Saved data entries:
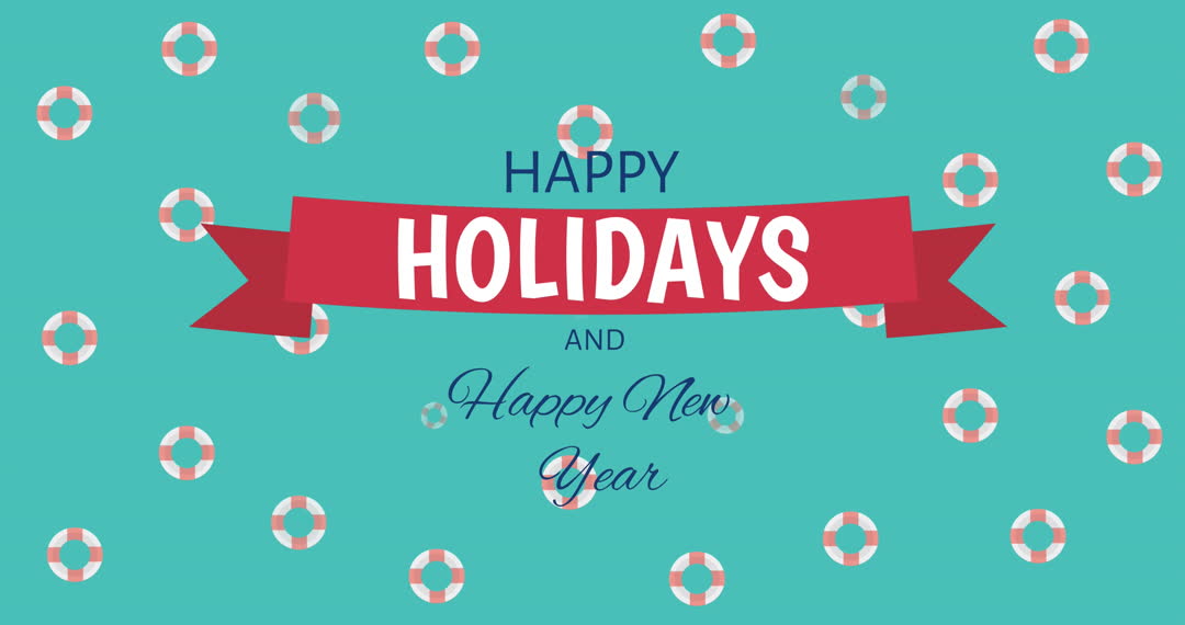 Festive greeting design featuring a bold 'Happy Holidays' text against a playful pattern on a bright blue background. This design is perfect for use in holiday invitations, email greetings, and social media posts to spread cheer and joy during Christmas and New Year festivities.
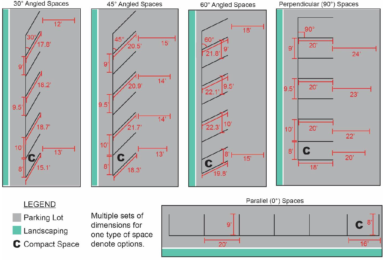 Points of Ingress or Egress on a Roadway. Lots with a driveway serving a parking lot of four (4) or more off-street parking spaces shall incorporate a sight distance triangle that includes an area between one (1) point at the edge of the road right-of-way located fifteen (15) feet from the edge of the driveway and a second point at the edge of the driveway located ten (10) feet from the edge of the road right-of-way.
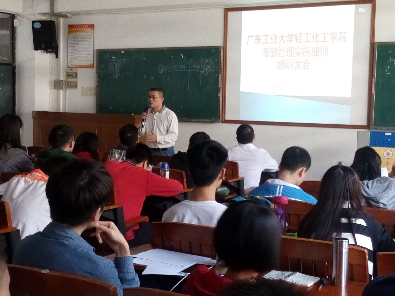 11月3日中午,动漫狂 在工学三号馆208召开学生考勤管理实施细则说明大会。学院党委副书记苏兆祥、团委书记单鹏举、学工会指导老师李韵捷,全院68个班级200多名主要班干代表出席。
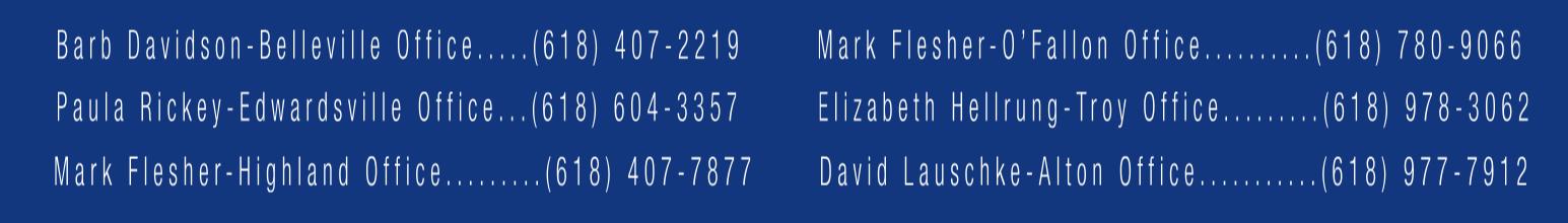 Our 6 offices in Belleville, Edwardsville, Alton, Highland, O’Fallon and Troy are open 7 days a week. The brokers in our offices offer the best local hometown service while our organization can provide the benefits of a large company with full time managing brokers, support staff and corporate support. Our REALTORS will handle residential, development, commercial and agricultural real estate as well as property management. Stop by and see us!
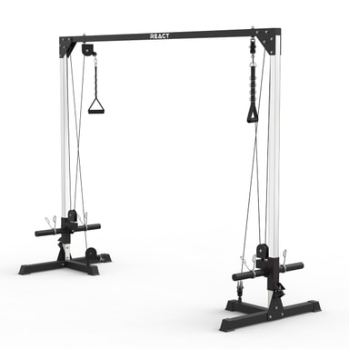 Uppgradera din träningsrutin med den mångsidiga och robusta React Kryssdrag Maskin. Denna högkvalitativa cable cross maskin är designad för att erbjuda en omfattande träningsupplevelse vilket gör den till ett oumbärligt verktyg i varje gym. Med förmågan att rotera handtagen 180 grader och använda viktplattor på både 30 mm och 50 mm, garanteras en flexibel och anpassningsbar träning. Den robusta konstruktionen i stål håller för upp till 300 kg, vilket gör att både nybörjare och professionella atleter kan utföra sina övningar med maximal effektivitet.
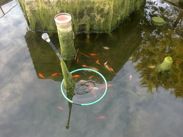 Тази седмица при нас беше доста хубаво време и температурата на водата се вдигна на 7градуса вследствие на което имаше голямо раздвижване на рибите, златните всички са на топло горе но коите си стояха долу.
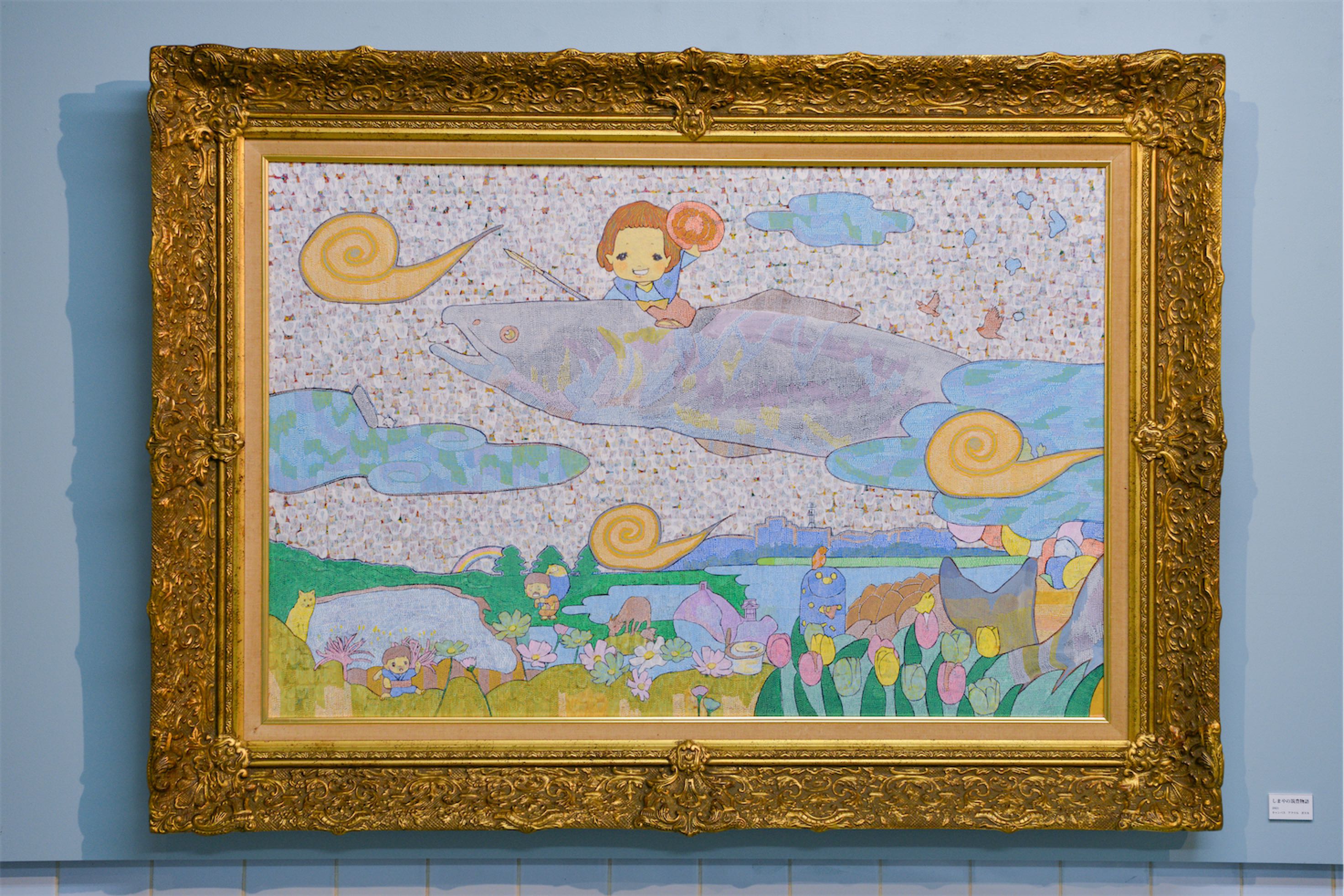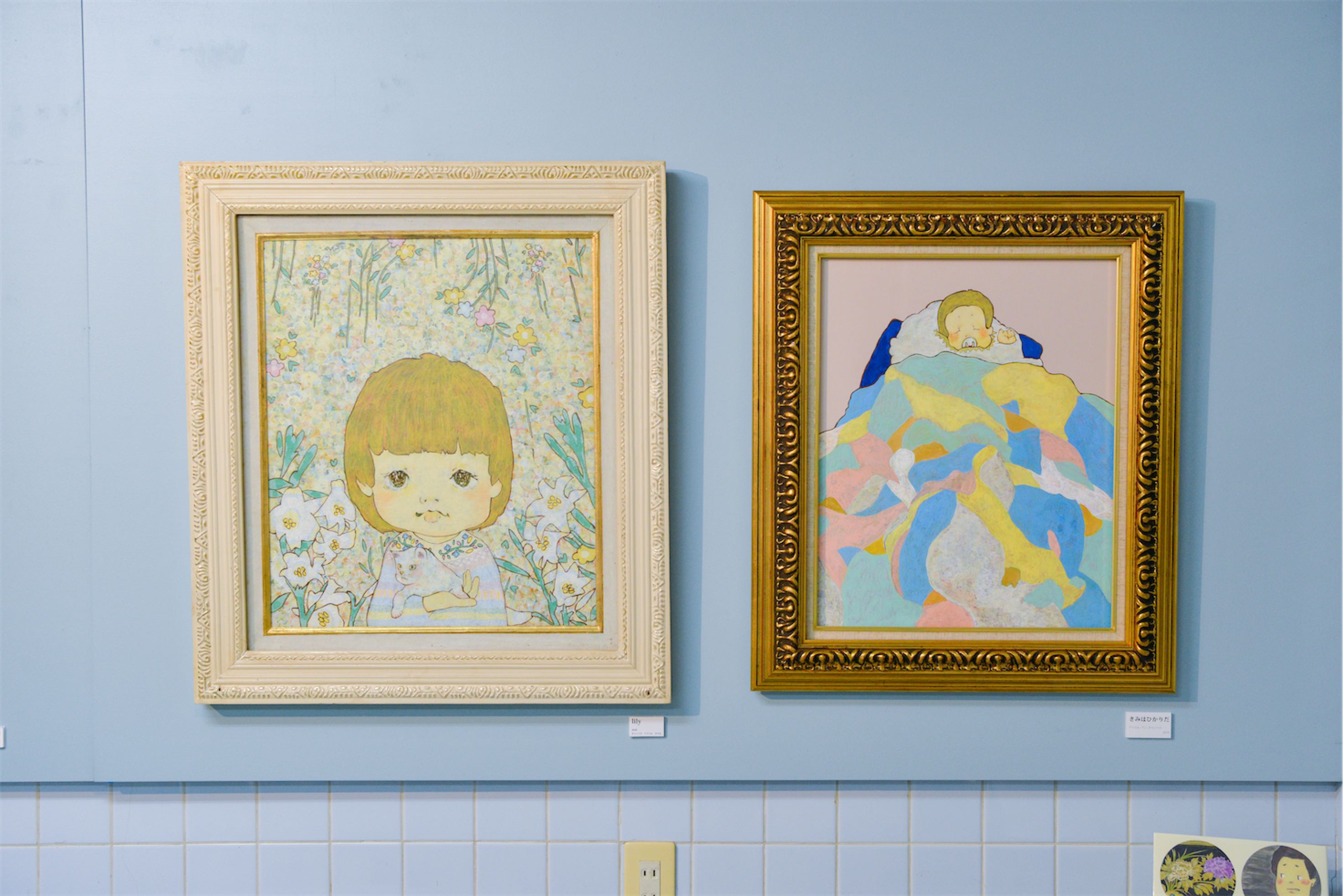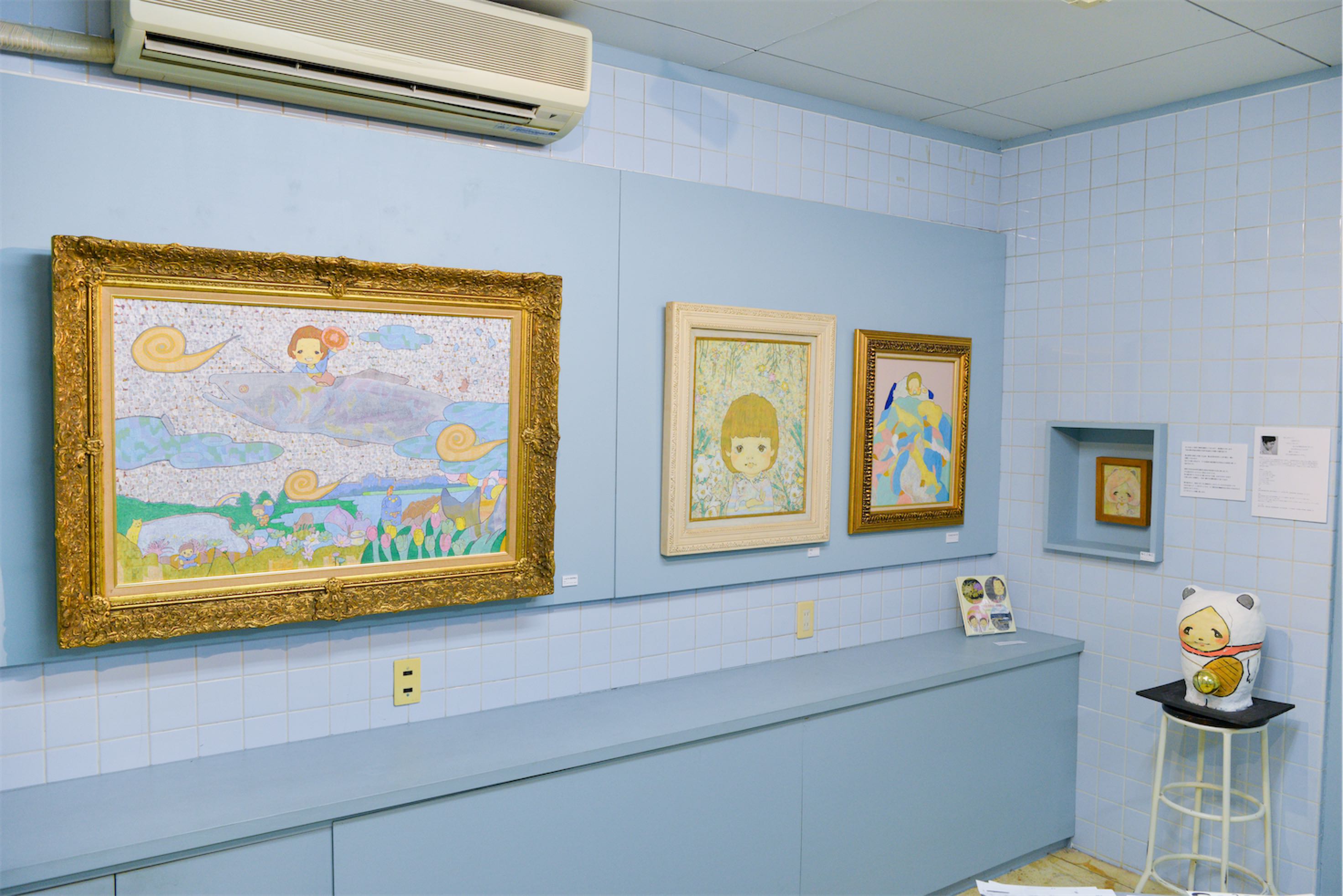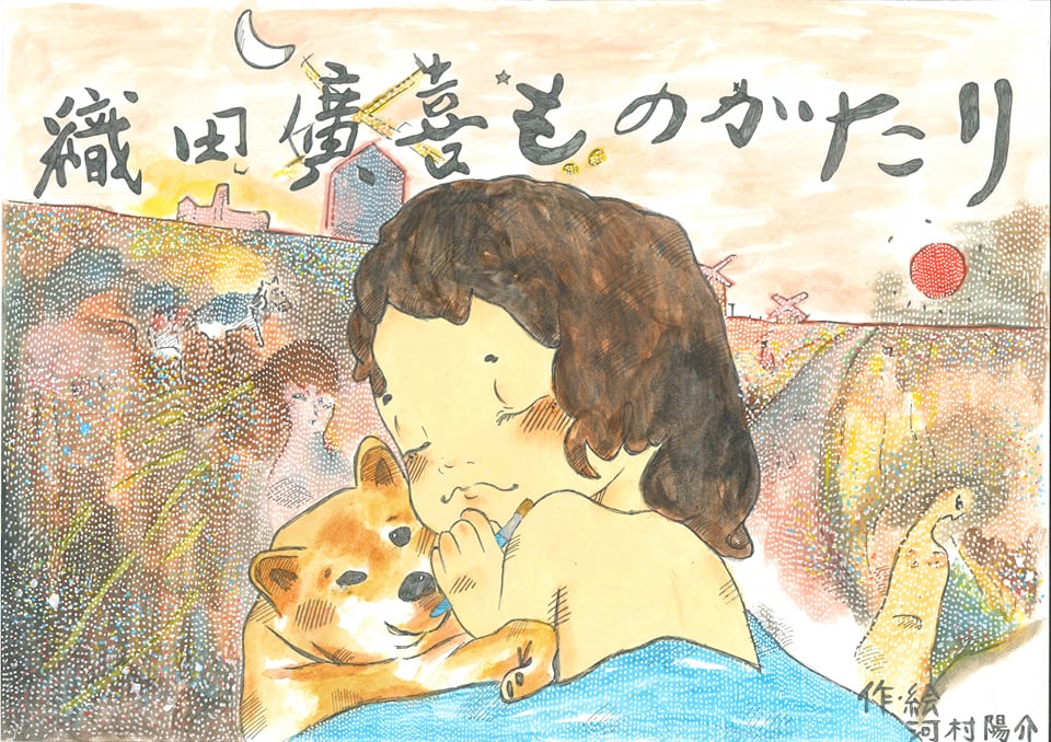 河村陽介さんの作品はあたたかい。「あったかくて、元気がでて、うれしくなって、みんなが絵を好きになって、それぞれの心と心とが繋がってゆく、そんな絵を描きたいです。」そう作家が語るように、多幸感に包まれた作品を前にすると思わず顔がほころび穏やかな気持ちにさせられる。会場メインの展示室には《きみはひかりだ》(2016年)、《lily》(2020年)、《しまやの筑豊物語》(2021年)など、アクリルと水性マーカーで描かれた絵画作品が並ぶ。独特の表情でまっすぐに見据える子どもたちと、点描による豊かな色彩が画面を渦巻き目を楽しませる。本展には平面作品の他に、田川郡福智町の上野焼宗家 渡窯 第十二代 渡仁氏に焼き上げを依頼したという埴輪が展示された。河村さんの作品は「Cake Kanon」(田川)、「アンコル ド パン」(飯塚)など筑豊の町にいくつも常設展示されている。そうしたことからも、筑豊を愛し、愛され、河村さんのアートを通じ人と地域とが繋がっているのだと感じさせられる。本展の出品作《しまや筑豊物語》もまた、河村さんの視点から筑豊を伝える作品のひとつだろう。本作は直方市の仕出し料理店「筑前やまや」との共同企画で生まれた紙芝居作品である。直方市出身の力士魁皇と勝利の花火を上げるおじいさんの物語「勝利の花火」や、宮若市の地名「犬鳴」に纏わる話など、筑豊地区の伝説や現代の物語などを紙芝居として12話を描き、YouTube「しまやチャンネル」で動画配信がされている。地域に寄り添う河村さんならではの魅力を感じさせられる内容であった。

Problem to work on:
Print nothing but the lines above starting with the line that contains "Points of Ingress" and going on through the line that contains "11月3日中午,动漫狂 在工". Leave out the pictures.

Output:
 Points of Ingress or Egress on a Roadway. Lots with a driveway serving a parking lot of four (4) or more off-street parking spaces shall incorporate a sight distance triangle that includes an area between one (1) point at the edge of the road right-of-way located fifteen (15) feet from the edge of the driveway and a second point at the edge of the driveway located ten (10) feet from the edge of the road right-of-way.
 11月3日中午,动漫狂 在工学三号馆208召开学生考勤管理实施细则说明大会。学院党委副书记苏兆祥、团委书记单鹏举、学工会指导老师李韵捷,全院68个班级200多名主要班干代表出席。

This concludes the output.